A stability evaluation method for deep-seated toppling in the upper Lancang river, Southwestern China

Abstract

Deep-seated toppling in the upper reaches of the Lancang River, southwest China involves deformations exceeding 100 m in depth. The slope deformation is initiated by river downcutting and evolves distinctive characteristics with a depth of river incision. In this study, we propose a system for evaluating the stability of deep-seated toppled slopes in different evolutionary stages. This system contains identification criteria for each evolutionary stage and provides the corresponding stability evaluation methods. Based on the mechanical and kinematic analysis of slope blocks, the specific stage of slope movement can be identified in the field through outcrop mapping, in situ tests, surface displacement monitoring, and adit and borehole explorations. The stability evaluation methods are established based on the limiting equilibrium theory and the strain compatibility between the undisturbed zone and the toppled zone. Finally, several sample slopes in different evolution stages have been investigated to verify the applicability and accuracy of the proposed stability evaluation system. The results indicate that intense tectonic activity and rapid river incision lead to a maximum principal stress ratio exceeding 10 near the slope surface, thus triggering widespread toppling deformations along the river valley.
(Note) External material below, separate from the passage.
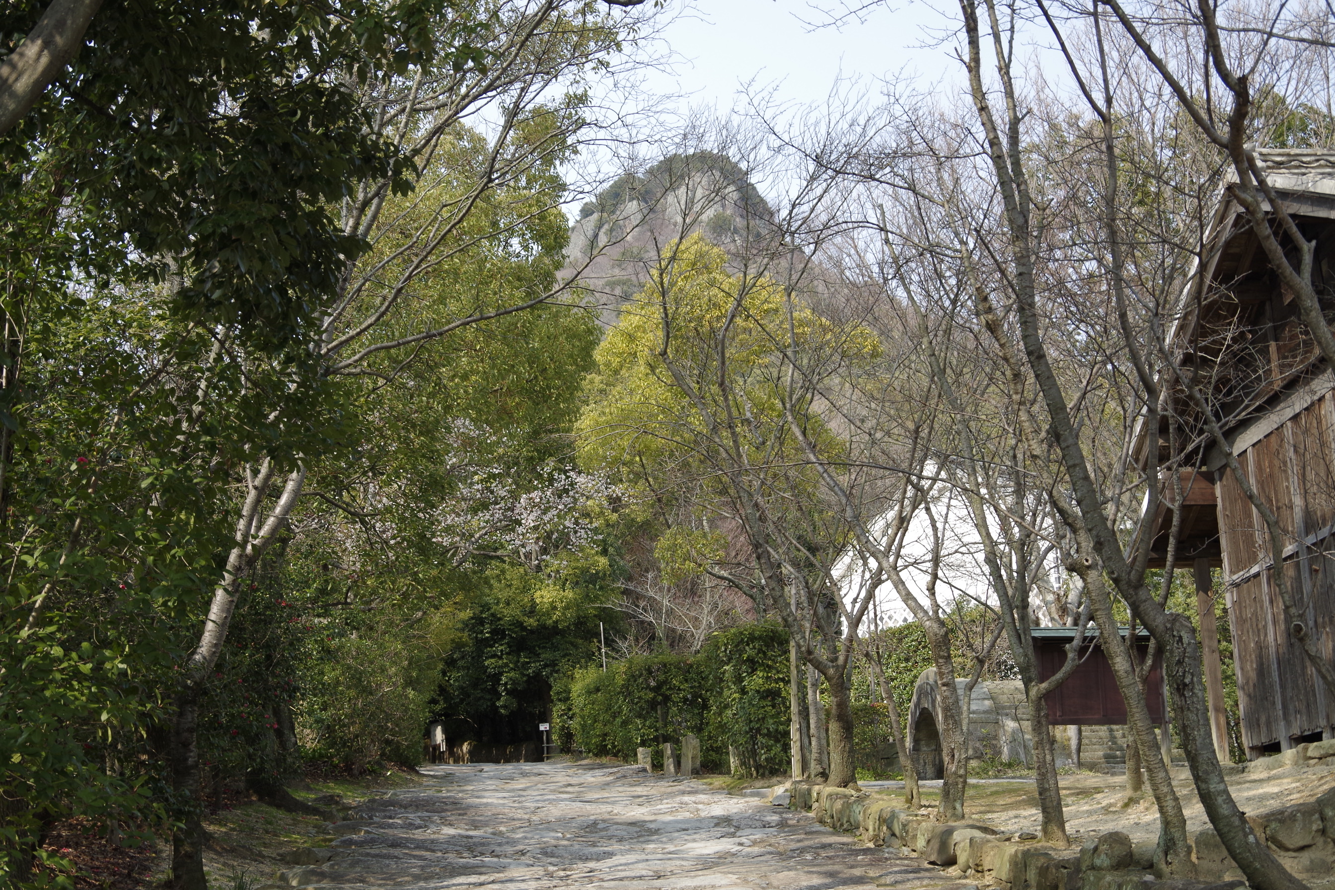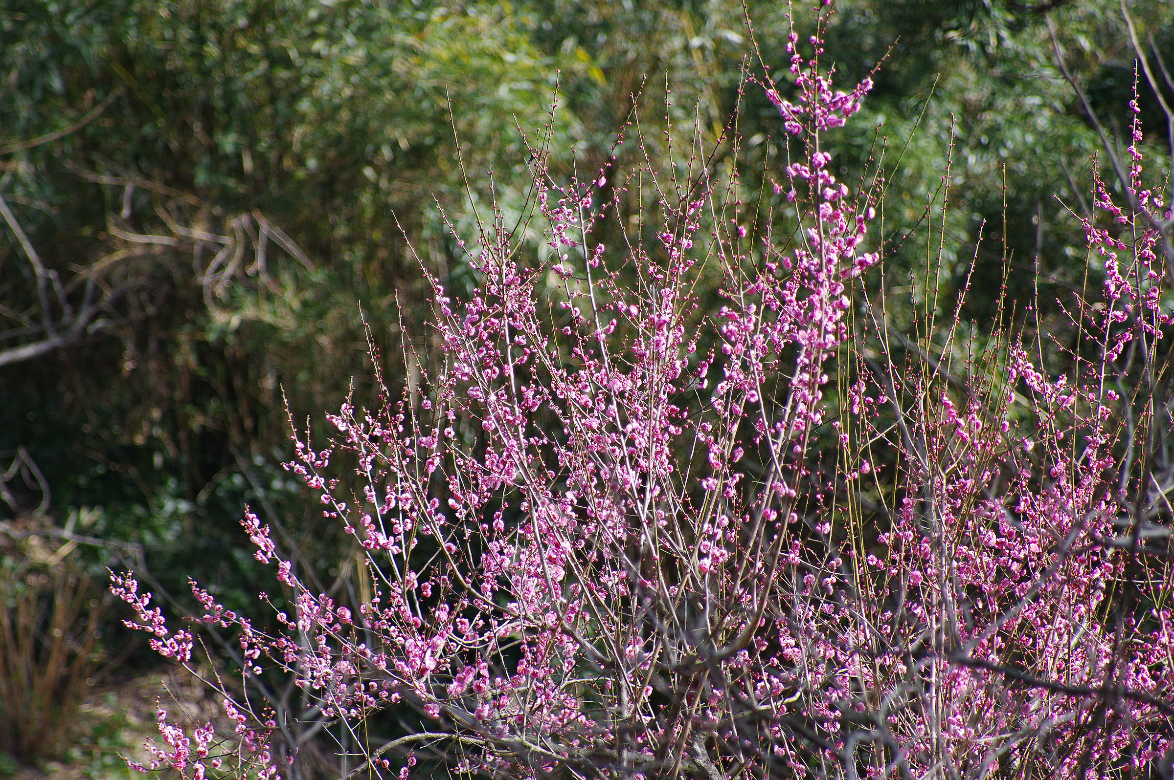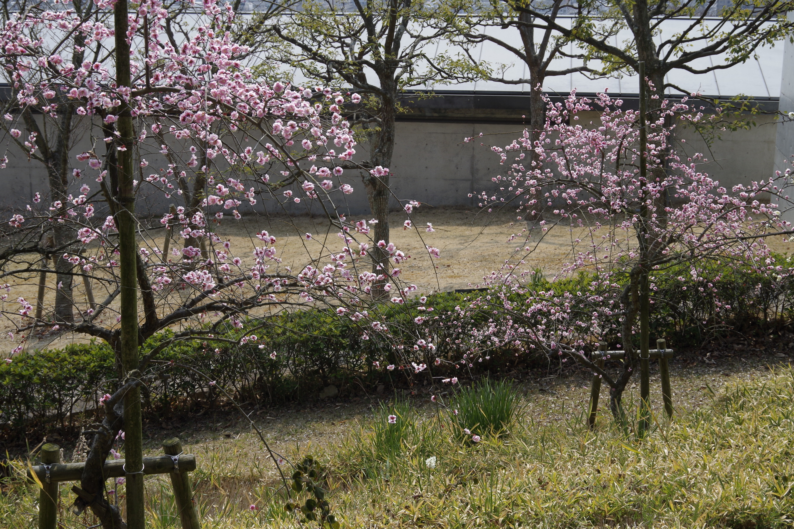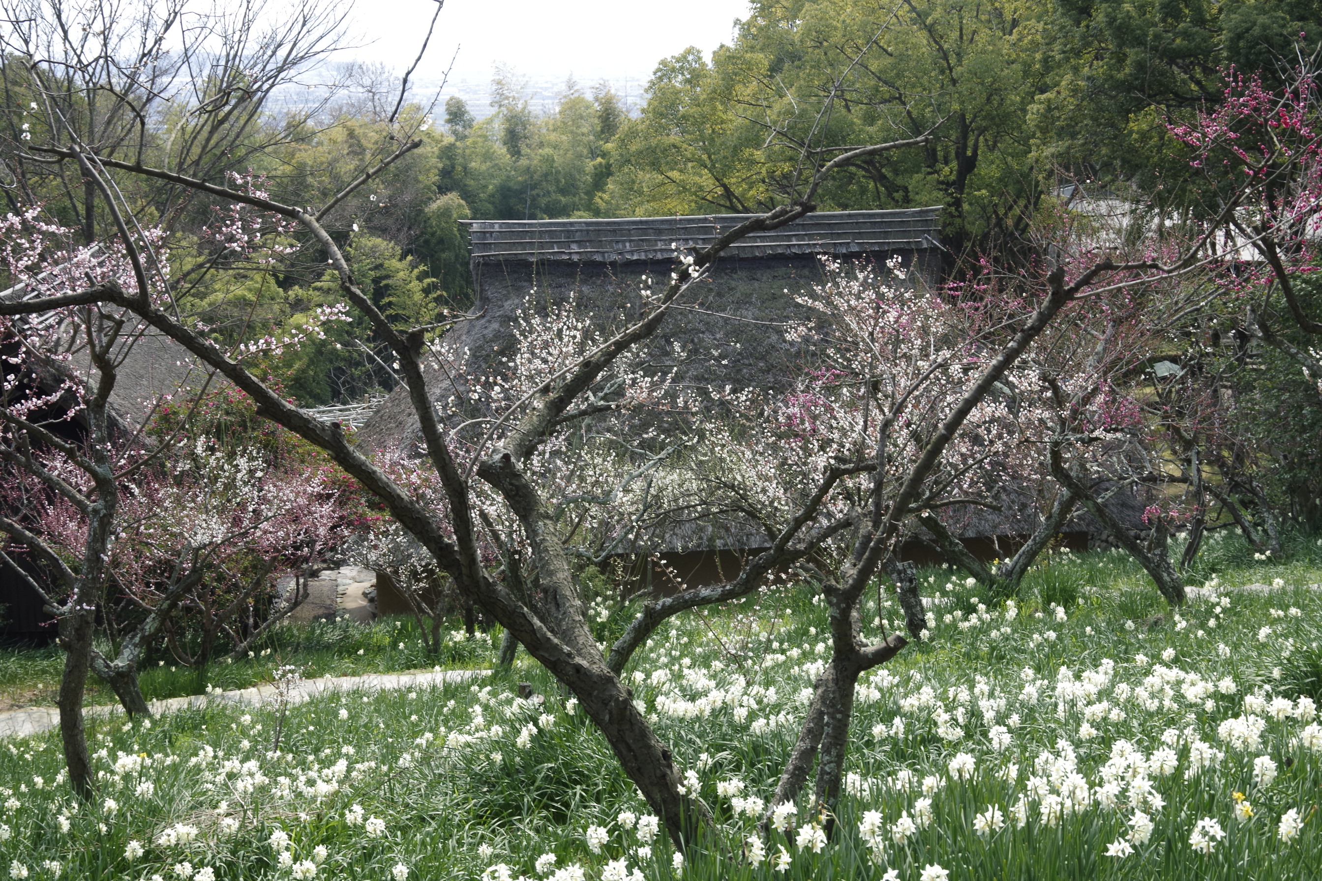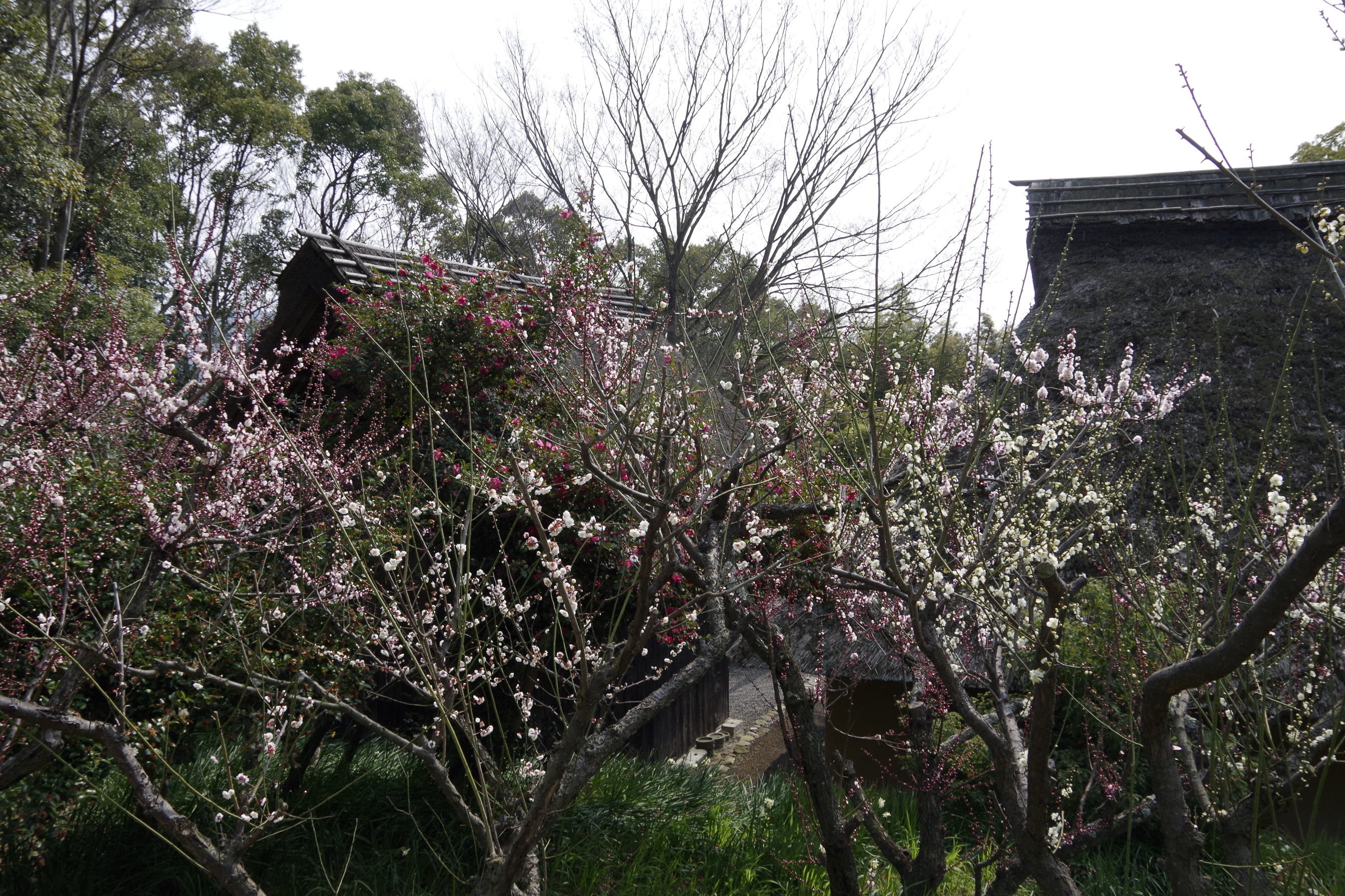 見頃は3月上旬。梅の花が咲き乱れ、椿も未だ残っている頃。

When considering the losses of joint cohesion during the further rotation process, the safety factor of the slope drops by 7%–28%. The self-stabilization of toppling deformation can be recognized by the layer symmetry configuration after the free rotation of the deflected layers. Intensely toppled rock blocks mainly suffer sliding failures beyond the layer symmetry condition. The factor of safety of the K73 rockslide decreased from 1.17 to 0.87 by considering the development of the potential sliding surface and the toe-saturated zone.